I wonder if my_iter = iter(iterable_obj) copy the iterable_obj ?我想知道my_iter = iter(iterable_obj)复制了iterable_obj In other words, does the above call cost additional memory?换句话说,上面的调用是否需要额外的内存?

Does it copy?它复制吗? Maybe.也许。 But shouldn't.但不应该。
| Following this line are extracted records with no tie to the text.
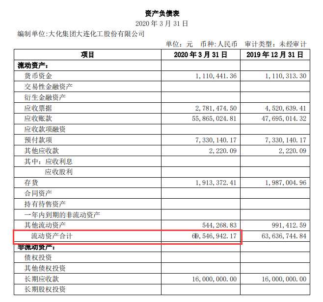 從2020年一季報(bào)中可以窺見(jiàn)*ST大化B目前的財(cái)務(wù)狀況緊張程度。截至3月31日,公司流動(dòng)資產(chǎn)合計(jì)6954.69萬(wàn)元,流動(dòng)負(fù)債則高達(dá)7.63億元。
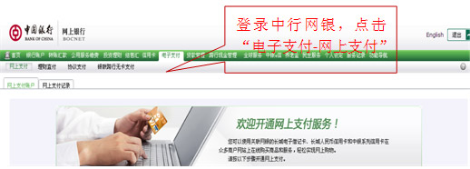 1、登錄中行網(wǎng)銀,點(diǎn)擊“電子支付-網(wǎng)上支付”選項(xiàng)。
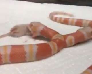Калифорнийская коралловая змея-мутант ест двух мышей, используя обе головы. Судя по видео, змея чувствует себя отлично, никакого дискомфорта в глазах пожирателя не обнаружено. А вот мышам пришлось не сладко.
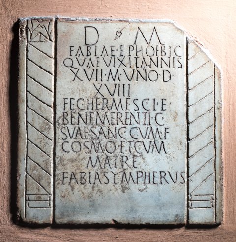 - D(is) M(anibus) / Fabiae Ephoebic(ae) / quae vixit annis / XVII m(ense) uno di(ebus) / XVIII / fec(it) Hermes C() I() E() / bene merenti c(oniugi) / suae sanc(tissimae) cum F(lavio) / Cosmo et cum / matre / Fabia Sympherusa
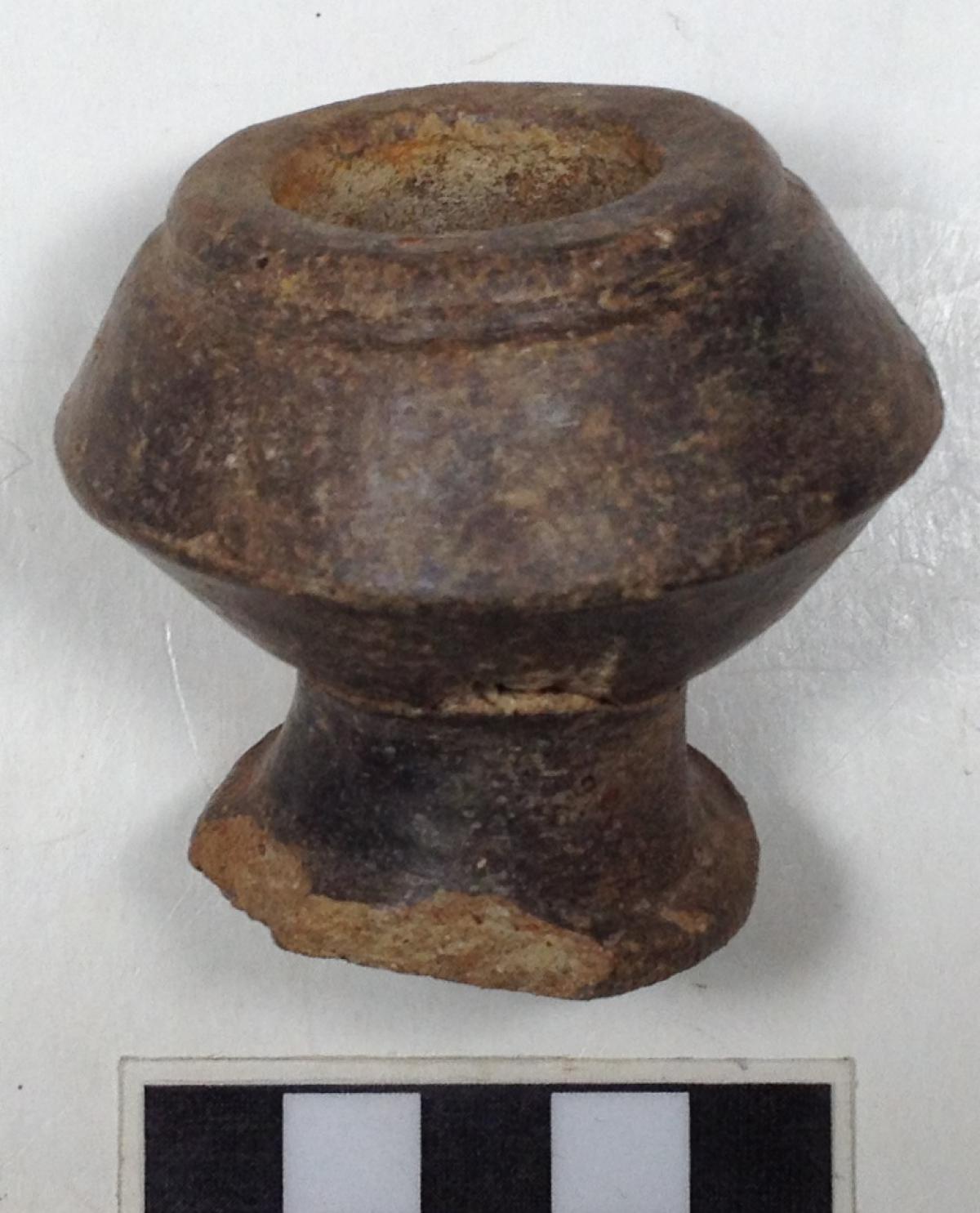 3568 - Pedestal bajo bicónico de engobe rojo y borde redondeado

It could copy, but it shouldn't .可以复制,但不应该 It should just provide iteration over the existing data structure with minimal memory overhead as necessary for the iteration.它应该只在现有数据结构上提供迭代,并根据迭代所需的最小内存开销。 For example a list iterator only stores a reference to the list as well as an index.例如, list迭代器仅存储对列表的引用和索引。

What does it do?它有什么作用

What does it do?它有什么作用 That depends.那要看。 The iter function shall provide an iterator over any possible iterable in the whole wide world, including an iterable class you'll only write tomorrow, with complicated internal data structure. iter函数将提供一个迭代器,覆盖整个世界中任何可能的可迭代对象,包括一个你明天只会编写的具有复杂内部数据结构的可迭代类。 How can iter possible do that? iter怎么可能做到这一点? Artificial intelligence?人工智能? Magic?魔法? No. Well ... actually yes, magic.不。嗯……实际上是的,魔法。 Namely with so-called "magic methods" (or "dunder methods").即用所谓的“魔法方法”(或“dunder方法”)。 In this case, __iter__ or __getitem__ .在这种情况下, __iter____getitem__ The trick is, iter doesn't know how to iterate the iterable.诀窍是, iter知道如何迭代可迭代对象。 The iterable does.可迭代的 And makes the iteration accessible with one of those two magic methods.并使用这两种魔术方法之一来访问迭代。 The iter function is just a simple middle man between the code that calls it (which wants the iteration) and the iterable (which provides the iteration).iter功能只是调用它的代码(希望迭代)和迭代(它提供了迭代)之间简单的中间人。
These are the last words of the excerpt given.